6. The method according to claim 1, characterized in that, The method further includes: Monitor the performance parameters and user feedback information of the electronic device; The parameters of the resource allocation model and the resource allocation strategy are adjusted based on the performance parameters of the electronic device and user feedback information.
7. A resource allocation and multi-task collaborative management device, characterized in that, The device includes: The acquisition module is used to acquire the operating status data of the electronic device; The determination module is used to determine the type and priority of each currently running task, as well as the dependencies between the currently running tasks; The processing module is used to generate a resource allocation strategy based on the running status data, the type and priority of each currently running task, and the dependencies between each currently running task, using a preset resource allocation model. The adjustment module is used to adjust the computing resource allocation parameters of the electronic device, as well as the scheduling order and / or concurrent execution mode of each currently running task, according to the resource allocation strategy.

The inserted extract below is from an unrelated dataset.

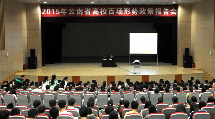 9月25日下午, 2015年云南省高校百场形势政策报告会在beat365学生会堂举行。省委党史研究室副主任杨林兴博士所讲主题是“正确认识中国人民抗日战争历史”。beat365各院系师生代表1300多人听报告。报告会由beat365党委副书记孙勇主持。

8. An electronic device, characterized in that, include: Memory, processor; The memory stores computer-executed instructions; The processor executes computer execution instructions stored in the memory, causing the processor to perform the resource allocation and multi-task collaborative management method as described in any one of claims 1-6.
9. A computer-readable storage medium, characterized in that, The computer-readable storage medium stores computer-executable instructions, which, when executed by a processor, are used to implement the resource allocation and multi-task collaborative management method as described in any one of claims 1-6.
10. A computer program product, characterized in that, It includes a computer program that, when executed by a processor, implements the resource allocation and multi-task collaborative management method as described in any one of claims 1-6.